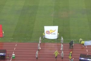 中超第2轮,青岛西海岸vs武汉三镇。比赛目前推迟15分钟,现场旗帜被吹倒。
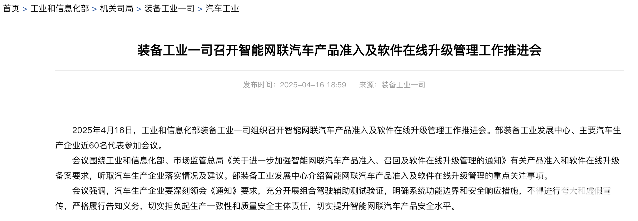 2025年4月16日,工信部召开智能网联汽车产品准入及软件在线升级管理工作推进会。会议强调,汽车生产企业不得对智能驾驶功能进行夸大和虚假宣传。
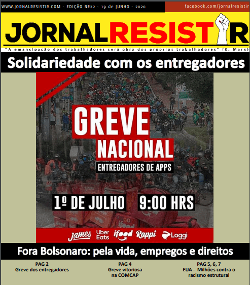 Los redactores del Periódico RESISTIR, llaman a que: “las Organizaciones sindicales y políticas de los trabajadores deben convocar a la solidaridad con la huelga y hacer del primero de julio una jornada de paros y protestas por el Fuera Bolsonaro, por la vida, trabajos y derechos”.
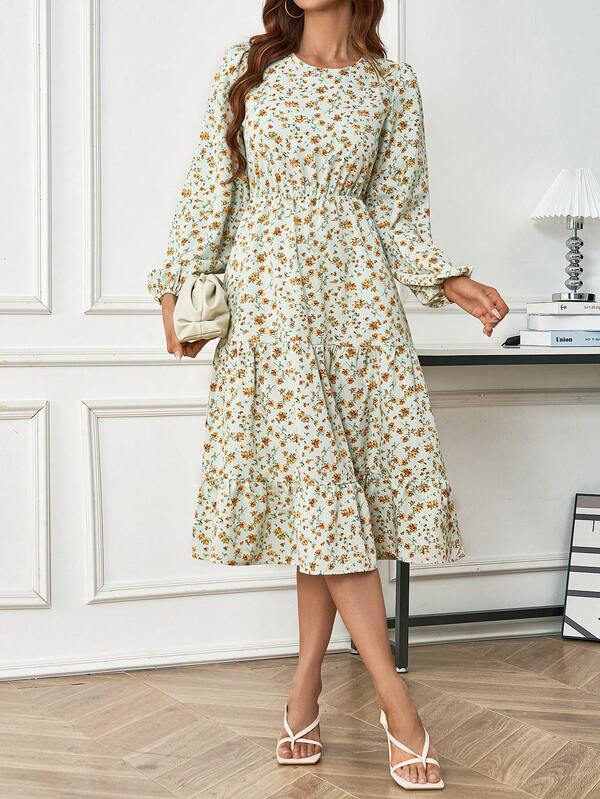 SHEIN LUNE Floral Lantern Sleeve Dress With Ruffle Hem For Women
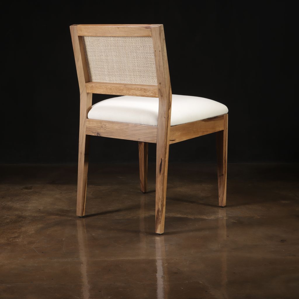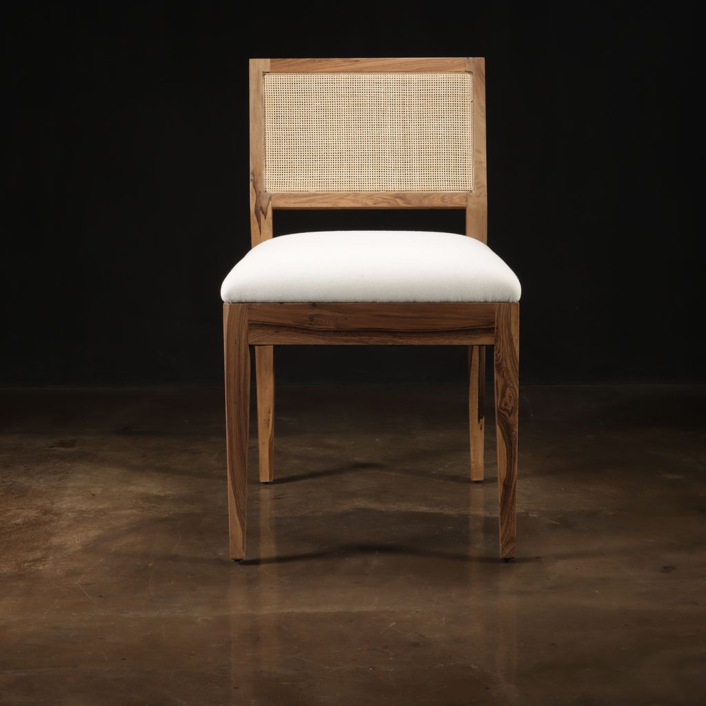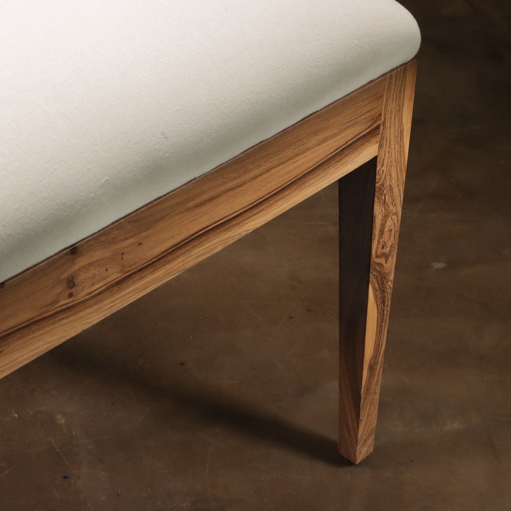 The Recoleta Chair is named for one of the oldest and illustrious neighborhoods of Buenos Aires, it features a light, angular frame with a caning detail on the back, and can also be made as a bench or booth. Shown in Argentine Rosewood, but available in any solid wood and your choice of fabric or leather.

...

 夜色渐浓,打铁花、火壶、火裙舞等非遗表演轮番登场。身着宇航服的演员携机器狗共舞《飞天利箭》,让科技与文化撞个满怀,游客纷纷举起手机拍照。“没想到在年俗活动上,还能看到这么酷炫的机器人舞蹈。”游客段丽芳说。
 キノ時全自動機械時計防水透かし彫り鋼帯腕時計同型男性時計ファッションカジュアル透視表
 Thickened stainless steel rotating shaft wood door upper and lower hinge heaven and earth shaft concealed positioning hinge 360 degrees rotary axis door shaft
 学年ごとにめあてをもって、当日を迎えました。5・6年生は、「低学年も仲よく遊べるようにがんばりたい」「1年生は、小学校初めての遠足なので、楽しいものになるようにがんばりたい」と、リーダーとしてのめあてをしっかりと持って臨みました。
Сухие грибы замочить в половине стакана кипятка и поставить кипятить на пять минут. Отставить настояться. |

* * *

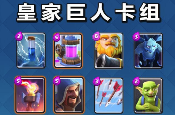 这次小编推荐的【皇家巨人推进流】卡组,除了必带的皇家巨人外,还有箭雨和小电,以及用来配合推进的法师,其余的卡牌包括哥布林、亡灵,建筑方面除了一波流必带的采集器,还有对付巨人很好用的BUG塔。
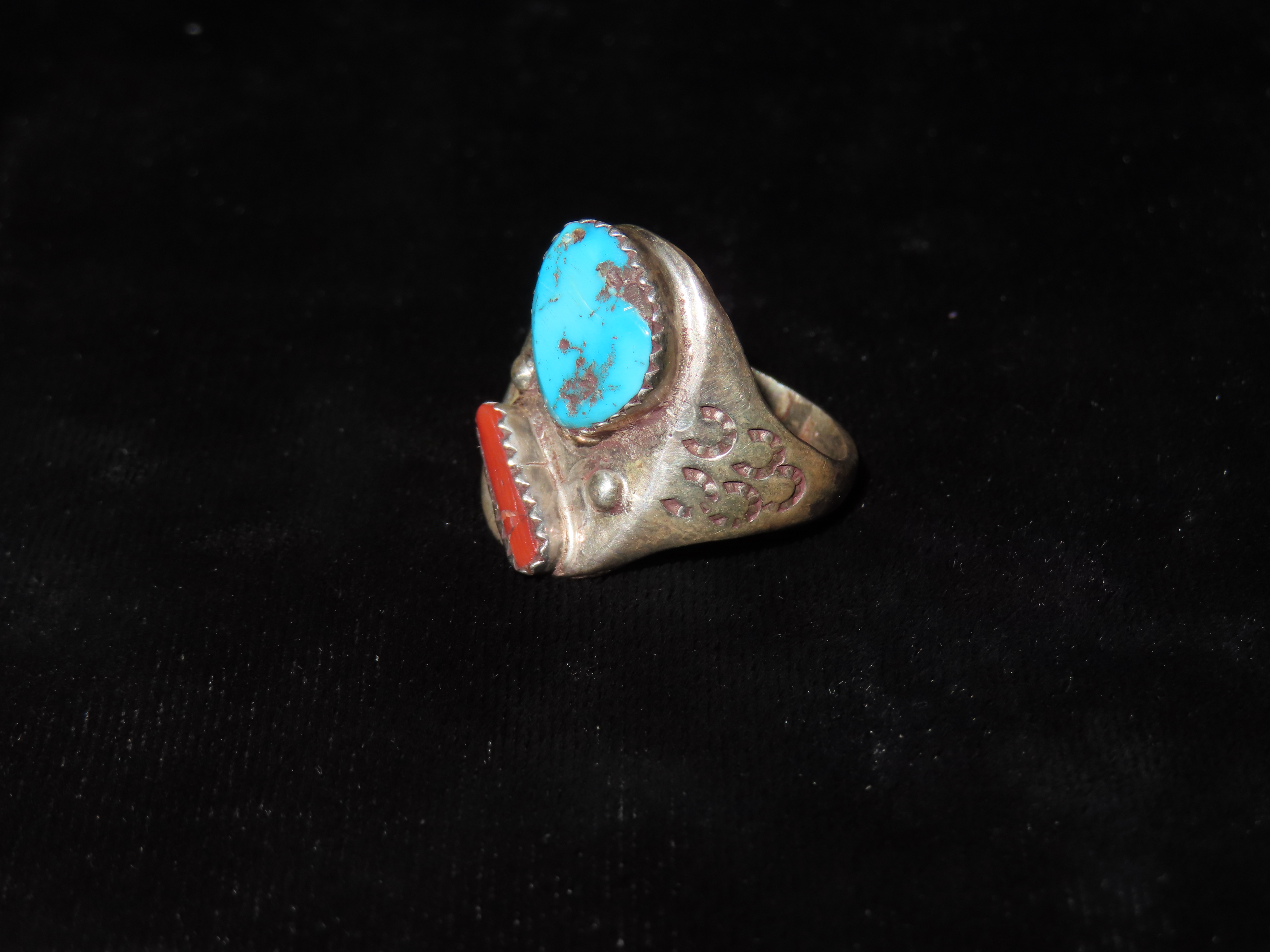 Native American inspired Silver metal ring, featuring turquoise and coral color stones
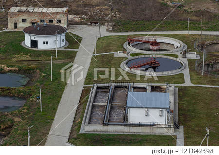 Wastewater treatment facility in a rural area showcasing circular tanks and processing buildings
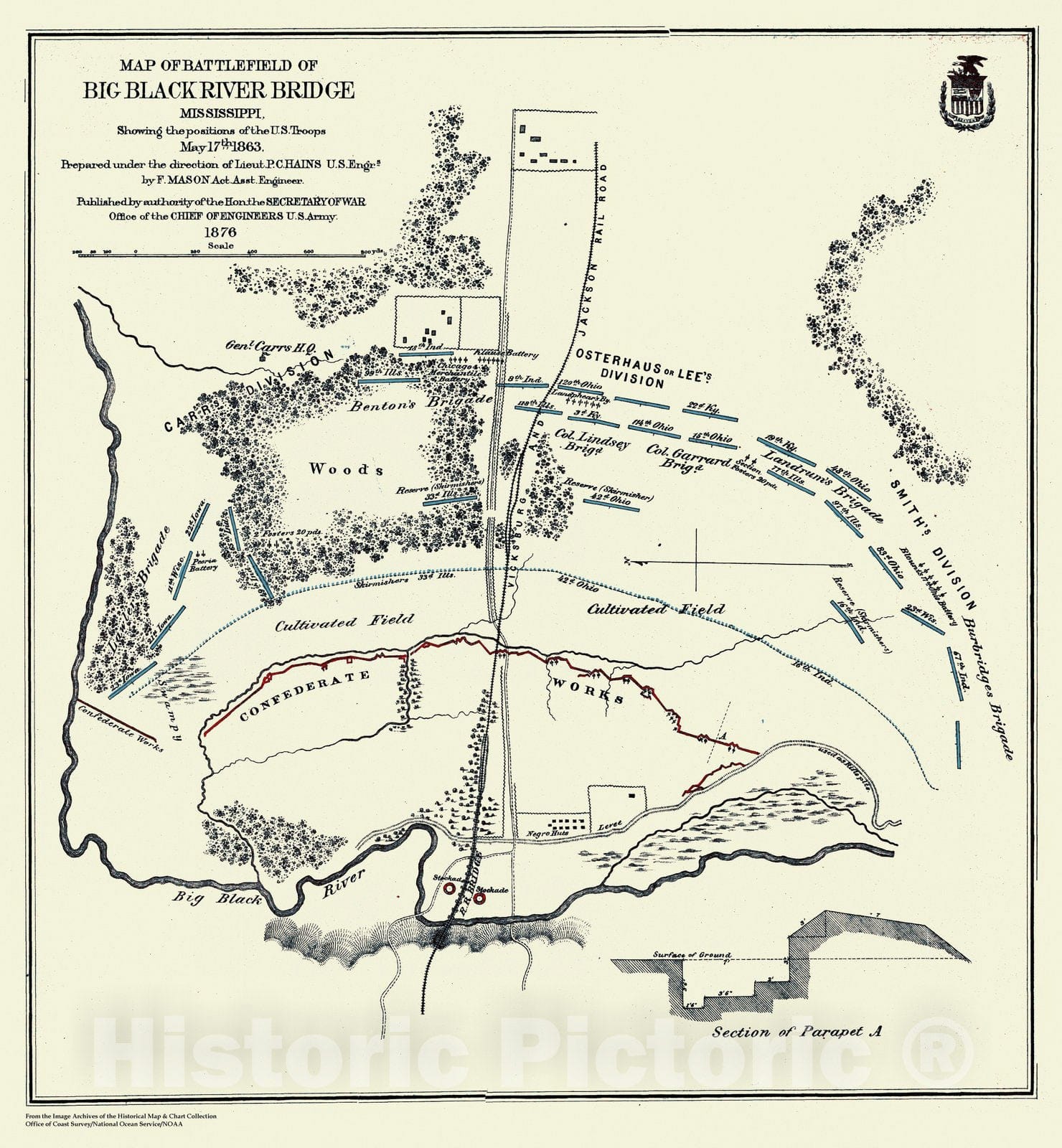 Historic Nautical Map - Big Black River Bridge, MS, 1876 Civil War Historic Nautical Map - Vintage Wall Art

Problem to solve => From the records above, output only the lines starting at the one containing "2025年4月16日,工信部" and ending at the one containing "The Recoleta Chair", word for word. Pictures stay out.

Exercise answer =>
 2025年4月16日,工信部召开智能网联汽车产品准入及软件在线升级管理工作推进会。会议强调,汽车生产企业不得对智能驾驶功能进行夸大和虚假宣传。
 Los redactores del Periódico RESISTIR, llaman a que: “las Organizaciones sindicales y políticas de los trabajadores deben convocar a la solidaridad con la huelga y hacer del primero de julio una jornada de paros y protestas por el Fuera Bolsonaro, por la vida, trabajos y derechos”.
 SHEIN LUNE Floral Lantern Sleeve Dress With Ruffle Hem For Women
 The Recoleta Chair is named for one of the oldest and illustrious neighborhoods of Buenos Aires, it features a light, angular frame with a caning detail on the back, and can also be made as a bench or booth. Shown in Argentine Rosewood, but available in any solid wood and your choice of fabric or leather.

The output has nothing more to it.